Moore RE, Kirwan J, Doherty MK, Whitfield PD. Biomarker discovery in animal health and disease: the application of post-genomic technologies. Biomark Insights. 2007 Jul 10;2:185-96. PMID: 19662203; PMCID: PMC2717813.
Noting that researchers have narrowed down six relevant biomarkers, TeleMedVET staff take blood samples of a horse on the morning of the nuclear scan - enabling an analysis of what is happening on that very day.
“The holy grail,” Tually said, “is to develop a blood test which can detect bone fatigue.”

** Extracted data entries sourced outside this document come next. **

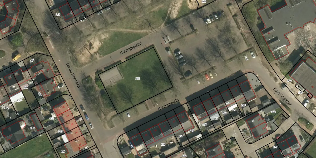 Koningsplein 25 is gelegen op kadastraal perceel ECH00P774. Deze kadastrale aanduiding is uniek en wordt gebruikt door het Kadaster om eigendomsrechten en andere zakelijke rechten vast te leggen. Het perceel maakt onderdeel uit van de kadastrale gemeente Echt.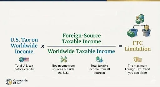 FTC Limitation = U.S. tax liability × (Foreign-source taxable income ÷ Worldwide taxable income)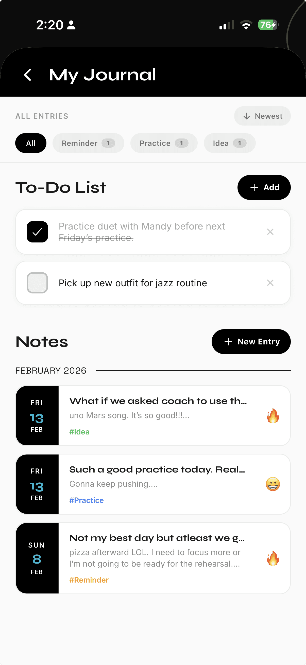 Store everything in your personal journal, from practice notes, to-do lists, and reminders so you never forget anything.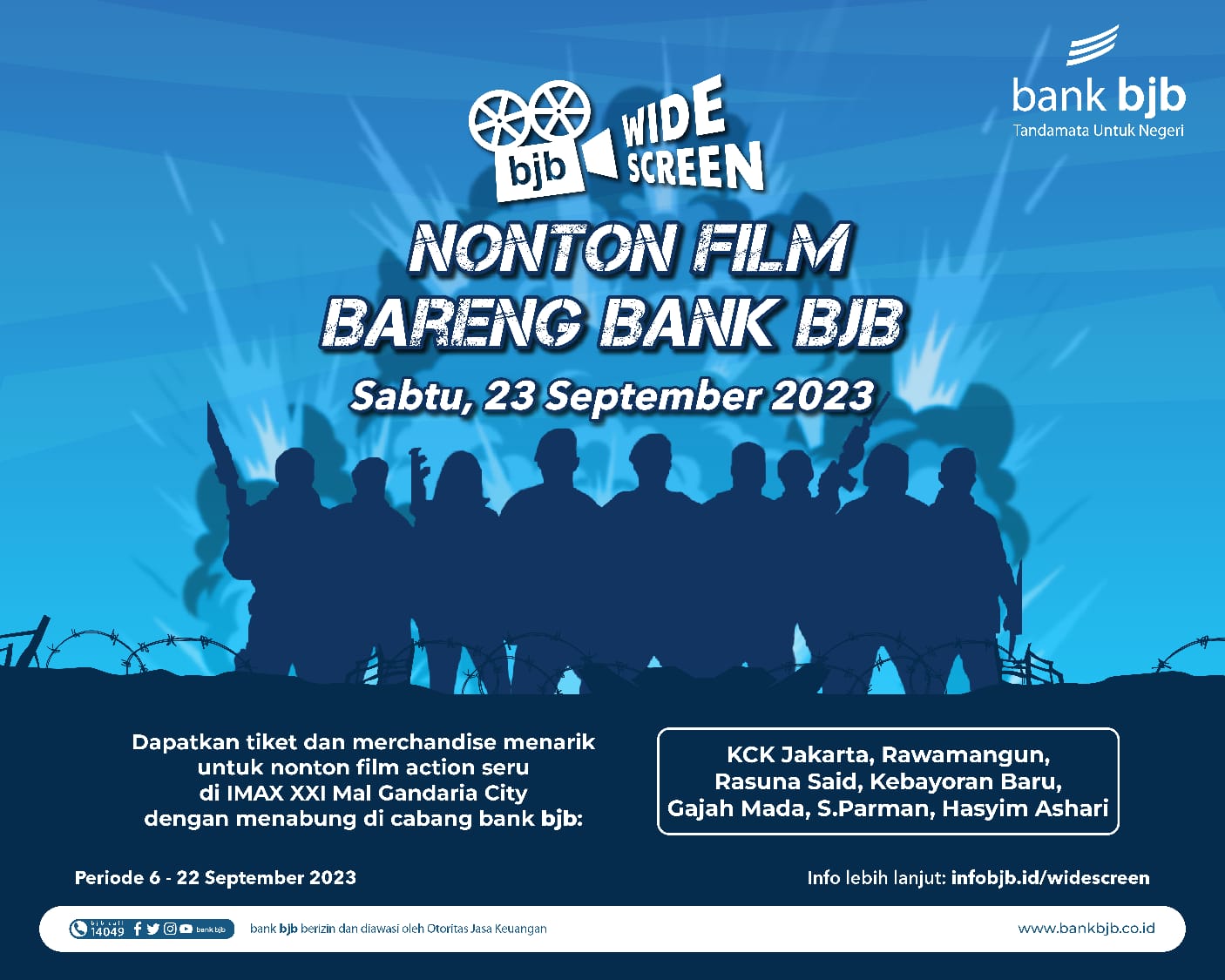 Kegiatan bjb WideScreen Expendables 4 akan diselenggarakan pada hari Sabtu, 23 September 2023 di XXI Gandaria City Jakarta. Program promosi bjb WideScreen dapat diikuti oleh nasabah baru maupun eksisting dan berlaku mulai 6 – 22 September 2023.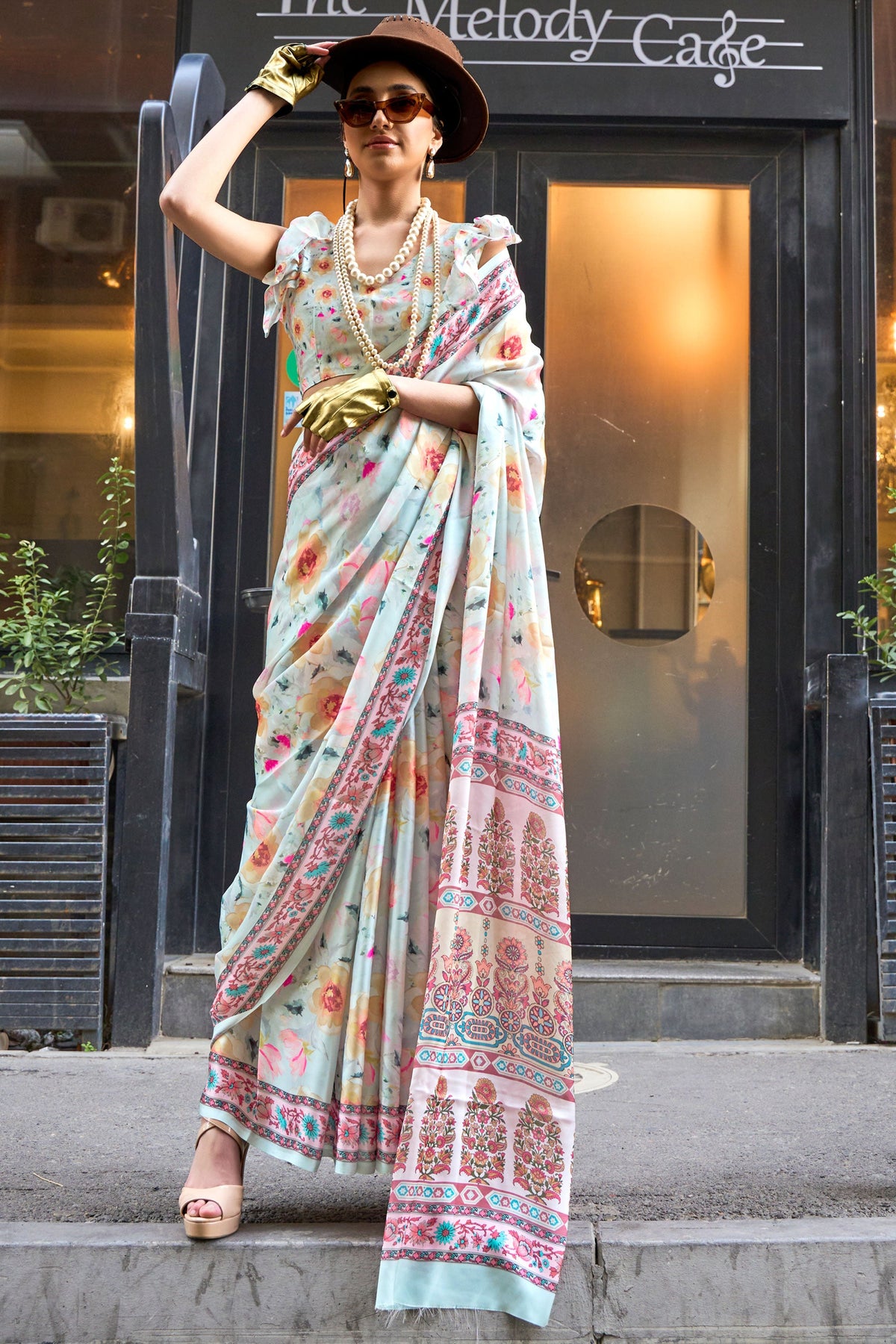 Art Silk Fabric Light Cyan Color Riveting Saree With Printed Work

A pilot study has shown early promise - only a small group of horses but there were definite links between what was showing up in the test and what was happening with those horse’s soundness.
Which attracted the interest of the Hong Kong Jockey Club who are now sending blood samples to TeleMedVET. And more can happen should funding increase, Cowcher and Tually hopeful that the racing industry can step in. Especially now that the European College of Veterinary Diagnostic Imaging has published the findings in a prestigious journal that Cowcher describes as being “a Group One publication.”
POD (palmar/plantar osteochondral disease) lesions are one example of injury that it would be of great help to predict. Graded from one to three, they are career ending at their most severe whilst early detection (and thus intervention) is vital. Studying the development of bone density is another area of interest - CT scanning able to detect changes over periods of time.
Also an issue at TeleMedVET is keeping radiation as riskfree as possible; hence their machinery utilizing cone beam technology as opposed to fan beam... cone beam “using a fraction of the radiation, meaning that you can conduct more tests on each horse.”
Which helps not only the individual horse but the sport of racing as a whole.
“It is,” Cowcher said, “better for us to be proactive in regard to horse soundness than reactive.”
Which keeps horses racing for longer, making racing more viable for owners and everyone involved. All things that can only be good for all of us!